Usage.Building.06: Why is it rebuilding the benchmarks?

You changed something, and the tools thought that it might affect the generated binaries. See the discussion of unknown options in config.html.

Usage.Building.07: Building one of the benchmark fails. What should I do?

The building of a benchmark is done using a version of the make tool adapted by SPEC. This tool is called specmake. If the building of a benchmark fails, you can list the actual commands performed by specmake. This can help you in finding the reason of the build failure. How to do this is described in the utility.html document, in the section describing specmake.

Usage.Building.08: Does the arrangement of compilation flags matter?
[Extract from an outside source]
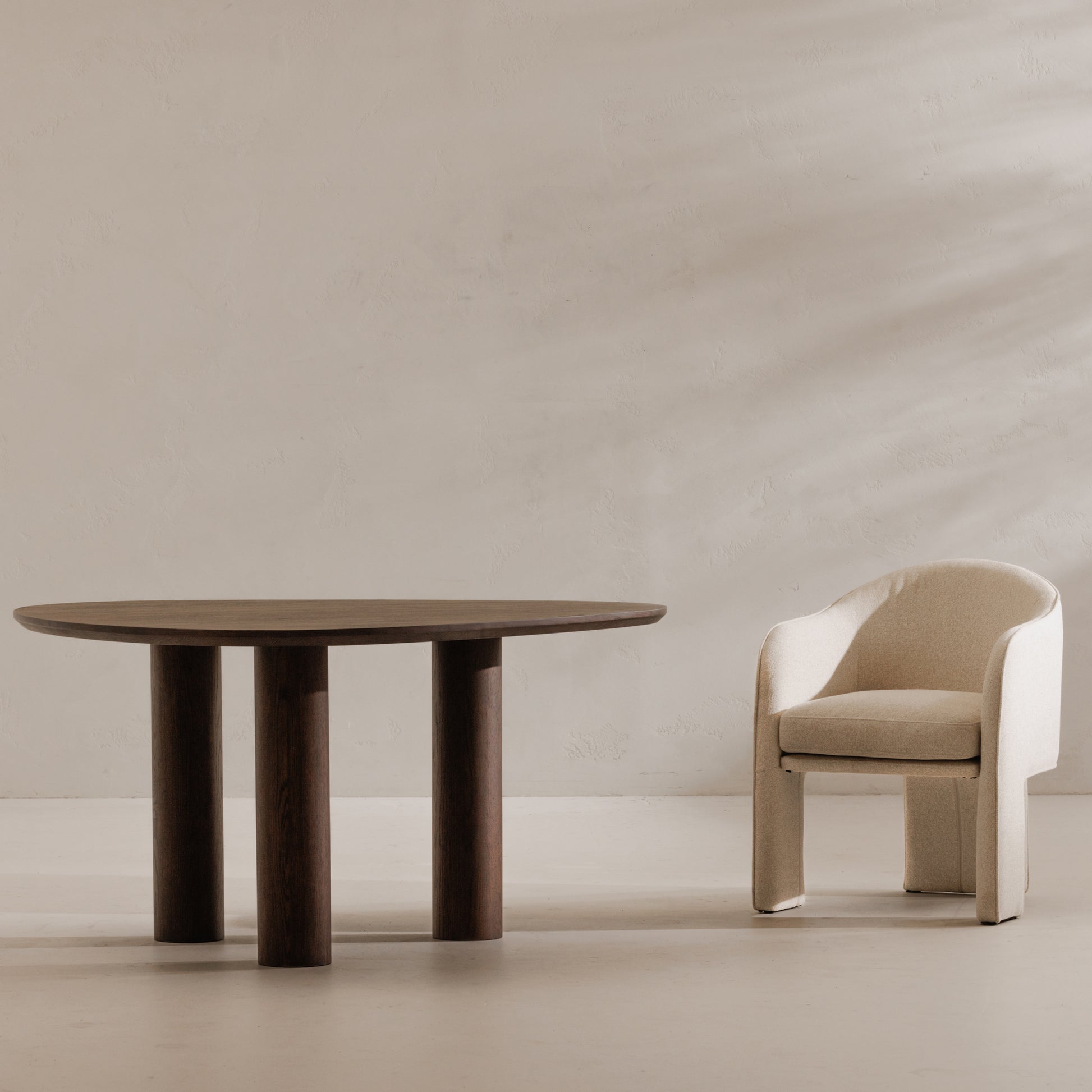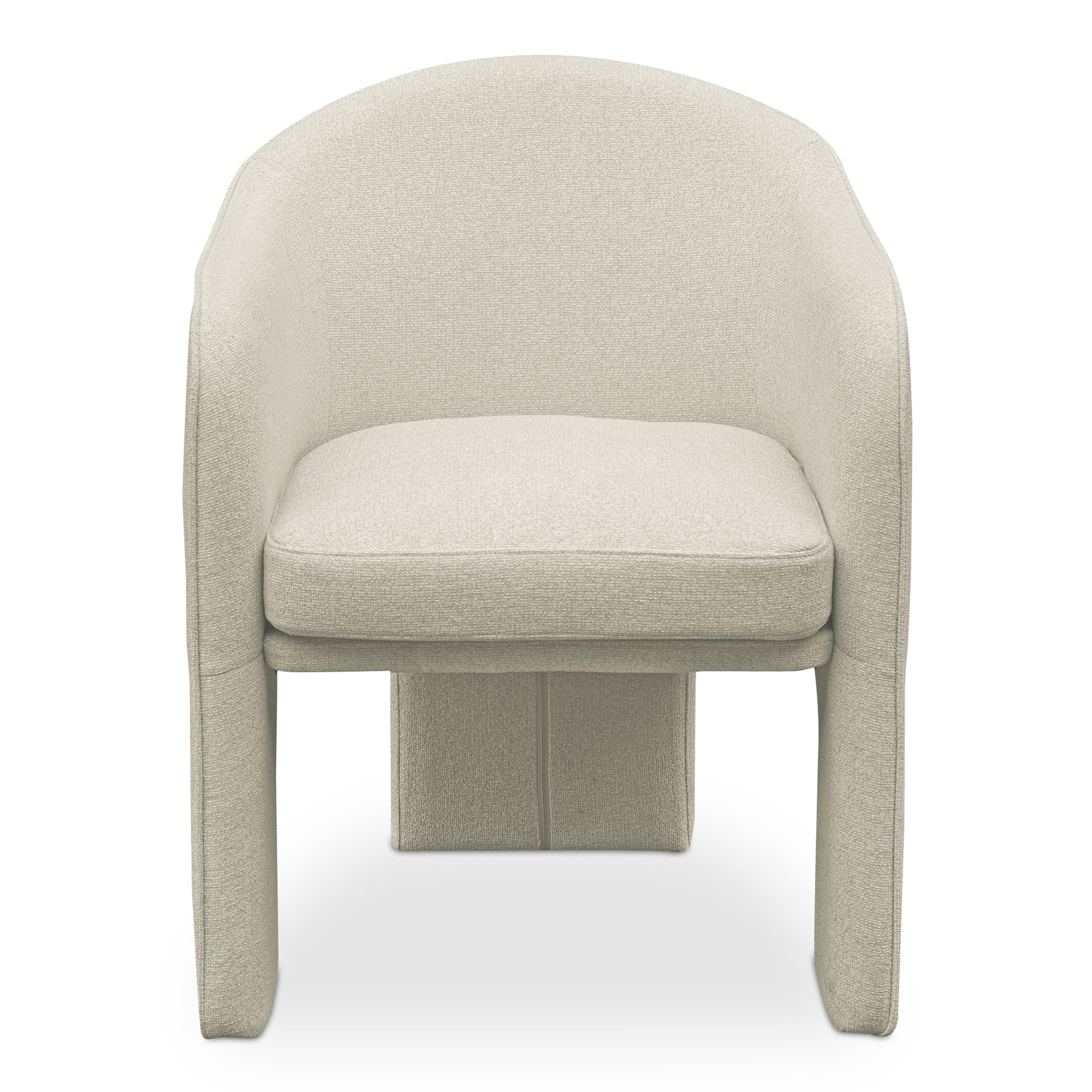 Fully upholstered in easy-to-clean performance fabric and generously sized, the Clara dining chair is all about comfort with a thoughtfully rounded back and gently curved armrests that add a touch of elegance and femininity. The sleek and minimalistic 3-legged base provides a clean and refined foundation.

Typically, when you invoke a compiler, you may specify a sequence of optional flags on the command line that control resource uses, the degree of optimization, and other details. In the MPI2007 config file, sequences of these flags are assigned to specific variables

    FPORTABILITY  = -fixed
    COPTIMIZE     = -O5
    EXTRA_LDFLAGS = -bmaxdata:0x40000000 
	

which apply the flags, in turn, to the appropriate stage of the build process. It matters which variable each flag is assigned to, as some flags are passed to the pre-processor, others to the compiler, and still others to the linker. Further, for a particular variable, the order of the flags can matter, as shown in these examples:

Example from SUN compiler:

(a)   COPTIMIZE = -fast -xO3

(b)   COPTIMIZE = -xO3 -fast
	

The -fast flag is an aggregate which is equivalent to a sequence of other flags, one of which is -xO5. In case (a), the explicit -xO3 will override the -xO5 that is implied by -fast. In case (b), since -fast comes after the -xO3, the implicit -xO5 will override the explicit -xO3 so the -xO3 is ignored.
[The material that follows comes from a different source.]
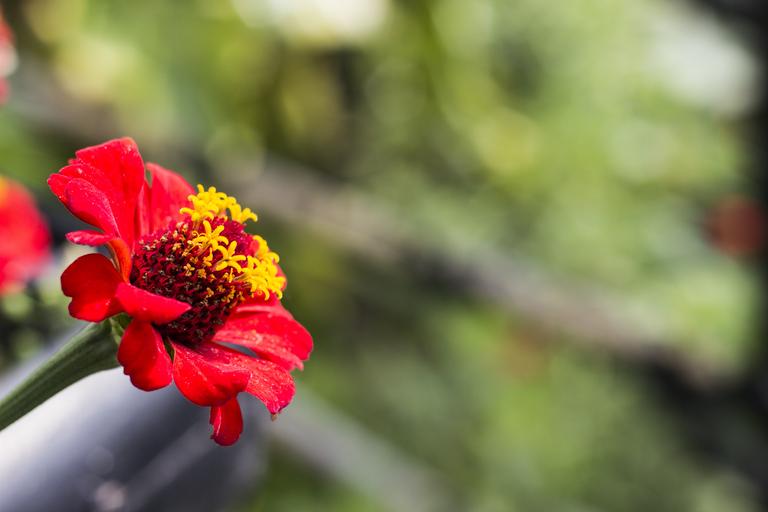 Keywords: zinnia flower red flor petals nature green background bokeh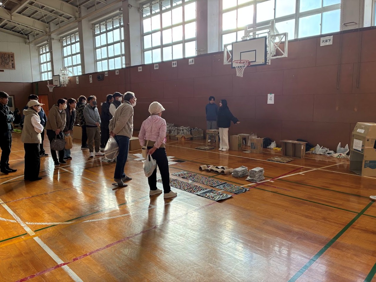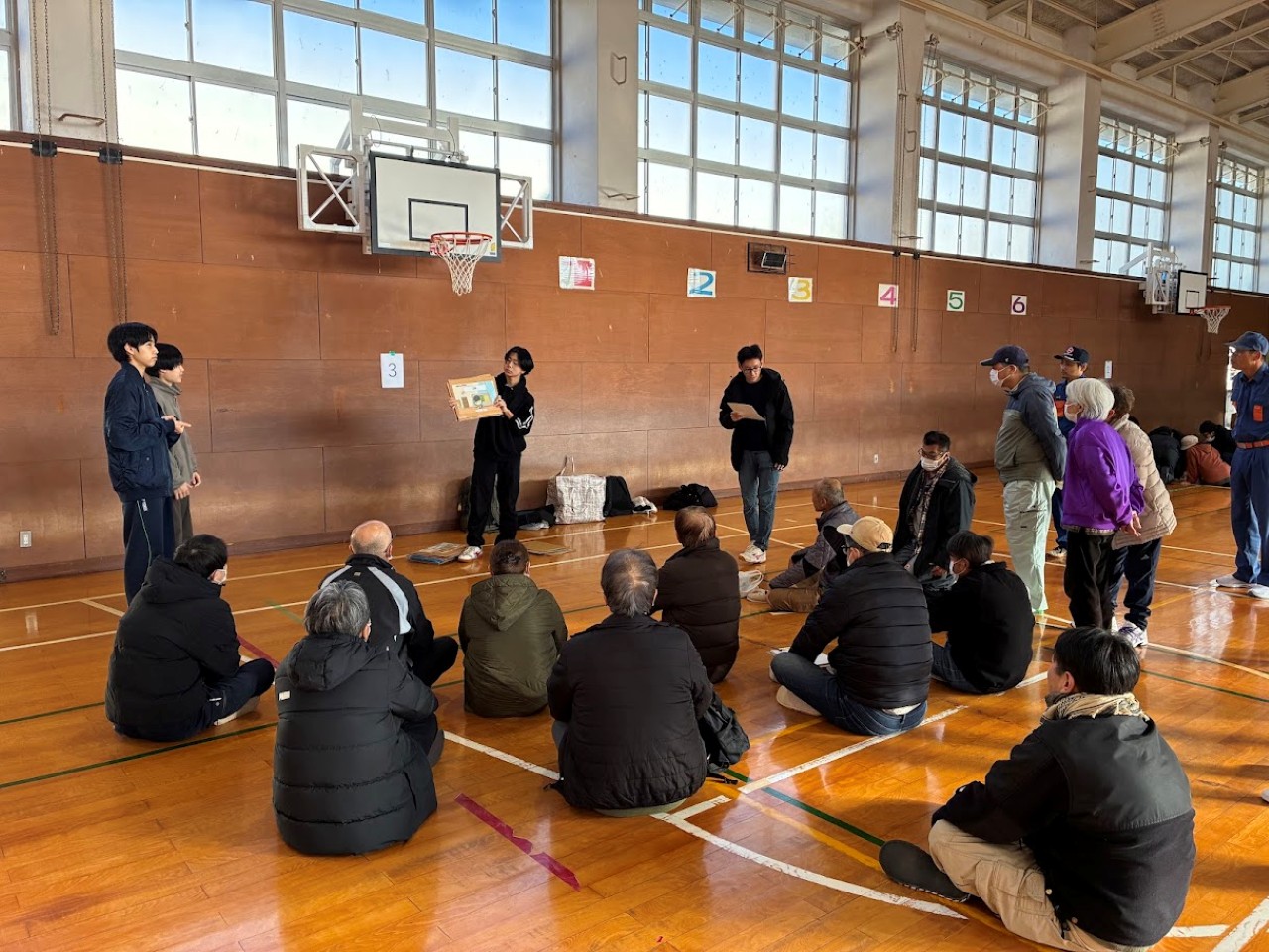 訓練には朝来地区の住民約80名の参加があり、学生たちの企画した「避難RPG」、「段ボールでつくる防災グッズ」、「防災カードゲーム」を実施し、防災について学んでいただきました。

Example from Intel compiler (version 11.0):

(a)   COPTIMIZE = -fast -xSSE3

(b)   COPTIMIZE = -xSSE3 -fast
	

The -fast aggregate includes an implicit -xHost flag; in case (a) this is overridden by the explicit -xSSE3 flag, and in case (b) the implict -xHost overrides the -xSSE3 flag.

Run Rule 2.3.2.1 requires that all flags must be applied in the same order for all compiles of a given language. This way, for base compiles, the flags have the same effect on all the benchmarks of the same language, regardless of how the flags interact with each other.

To understand the application of flags in the MPI2007 build process, refer to the config file document. To understand the effects of flags on the compilation, you will need to refer to the documentation for the particular compiler, and keep in mind that the set of available flags, their effects, and the precedence between them may vary between releases of the same compiler.

Usage.Building.09: What is a "Portability Flag"? How does it differ from an "Optimization Flag"?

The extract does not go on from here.